Are you wondering who has the most control over a corporation? The answer is that the person holding or controlling a majority of voting power has the most control. This control is subject to the minority rights in certain areas granted under state laws.

Corporation: Overview

With thousands of corporations registered each year in the U.S. alone, corporation is a popular business structure. Most of the largest businesses operate as corporations. It offers a number of advantages over sole ownerships and partnership firms.

The major reason for incorporating a business is to steer away from the risk of personal liability. Unlike partners and sole owners, shareholders of a corporation are not personally liable for business loans and liabilities; their risk is limited only to the extent of their investment in the corporation. Forming a corporation offers an inexpensive shield in today's business environment where people are always looking for reasons to sue.

Definition and History of a Corporation

A corporation is a distinct business entity separate from its owners. It's registered with the state authority (usually the secretary of state) and is governed by a state-level corporate law. As a distinct legal entity, a corporation has its own rights and obligations. It can conduct business in its own name and is also liable to pay its taxes.

You can refer to a corporation as a "person" but not as a "natural person." The term “natural person” used in some laws refers to human beings only.

Corporations have a long history. Several hundred years ago, they were invented to promote world voyages and other risky ventures. Earlier on, when corporations were not there, promoters faced the risk of unlimited liability on the failure of a venture.

As corporations were introduced into the business world, people could collectively invest huge amounts of money in a new venture. They shared the profits on its success, and if it failed, they would only lose their initial investment.

Over its long period of evolution, it has developed a backing of strong law and machinery to ensure smooth functioning and take care of any malpractices like insider trading and struggle for power between shareholders.

How a Corporation Functions

  • The basic structure of a corporation includes shareholders who elect a team of directors (called the board of directors or simply the board) to manage the business.
  • The directors appoint managers and officers to run the day-to-day affairs of the corporation.
  • Most of the corporations have a president or CEO, a treasurer or CFO, and a secretary among their officers.
  • Usually, a shareholders' meeting is held every year.
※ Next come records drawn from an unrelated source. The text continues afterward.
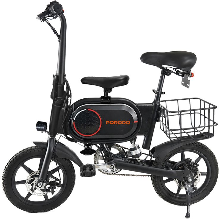 Porodo Lifestyle Folding Urban Electric Bike with 120kg Load Capacity, 14" Wheels, Pedal Assist System, 25km Max Distance, 15° Incline, Front and Rear Brakes - Black
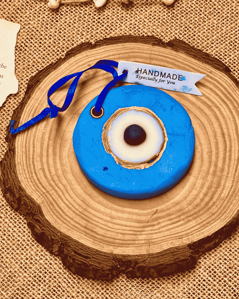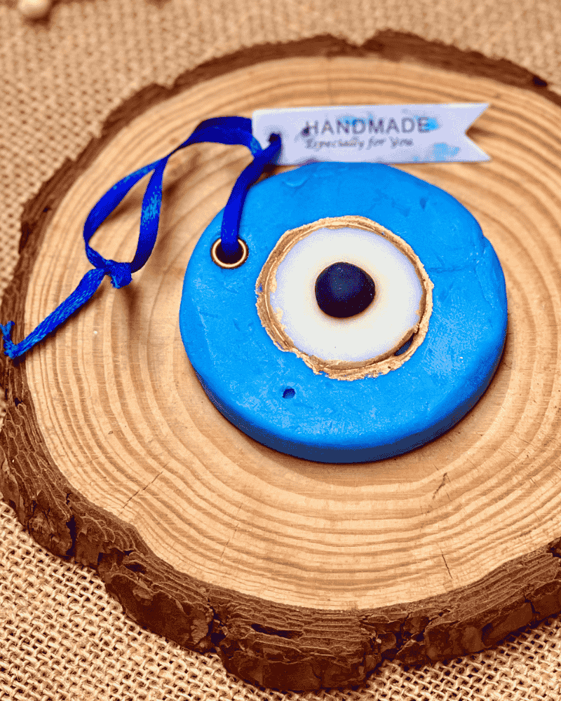 Evil Eye – Lemongrass Fragrance Charm: A vibrant, refreshing scent of lemongrass combined with the protective symbolism of the evil eye. Perfect for offices, hallways, or gifting as a spiritual keepsake. Perfect for wardrobes, cars, or cosy spaces. After a month, melt into a candle or keep as a charming wall décor piece
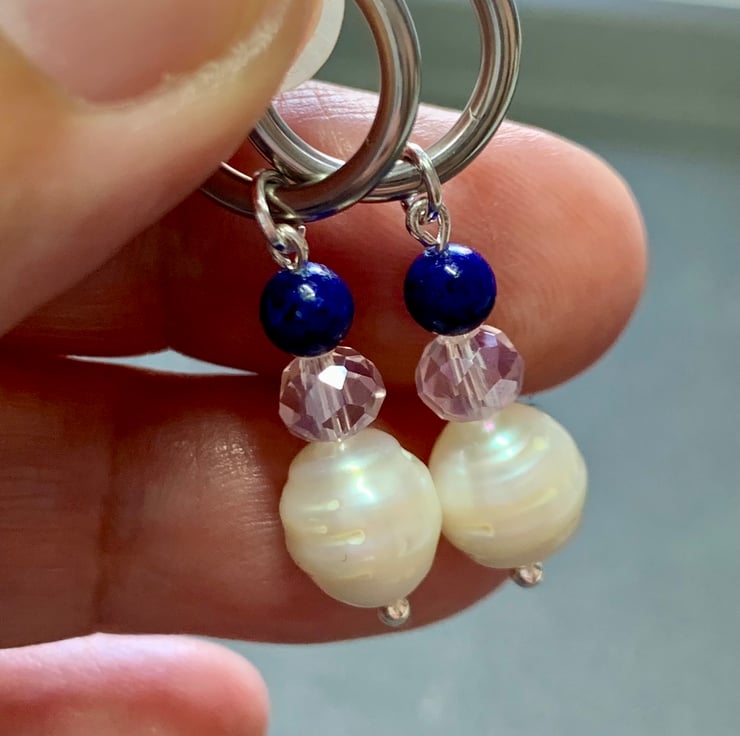 Beautiful dangle earrings made from a freshwater pearl, a delicate pink cut glass crystal and blue Agate bead.

The major businesses transacted in such a meeting include electing of directors and approving of financial accounts and other actions of the board.
  • The board of directors conducts its meeting annually or quarterly, wherein it reviews the actions of the officers.
  • The officers of the corporation meet as often as they consider necessary for smooth functioning of the business.

The directors and officers of a corporation are bound by the fiduciary duty, meaning that they are legally required to act in the best interest of the company and its shareholders. Any negligence or breach in the performance of this duty can make them personally liable for the loss or damage.

It's not just enough to act in good faith; they must exercise due care and caution to protect the company in every transaction they enter into. For example, if they fail to make proper inquiry or investigation, then they can be held personally liable even if they conducted a certain deal in all genuineness. However, a genuine error in judgment, without any negligence, may not create personal liability.

Who Controls a Corporation the Most?

One who holds or controls the majority of voting power controls a corporation. If you hold 51 percent of the voting power, you can elect most of the directors. Although voting power is usually equivalent to the number of shares you own, it may not be the same case if a corporation issues shares with disproportionate voting rights.

A majority shareholder can run the company almost as he or she wishes. However, minority shareholders too have certain protective rights under the law. Most of the states grant the following two important rights to minority shareholders:

  • The right to receive the same price per share that the majority shareholder receives when the company is being sold.
  • The right to receive the same amount of dividend per share as the majority shareholder.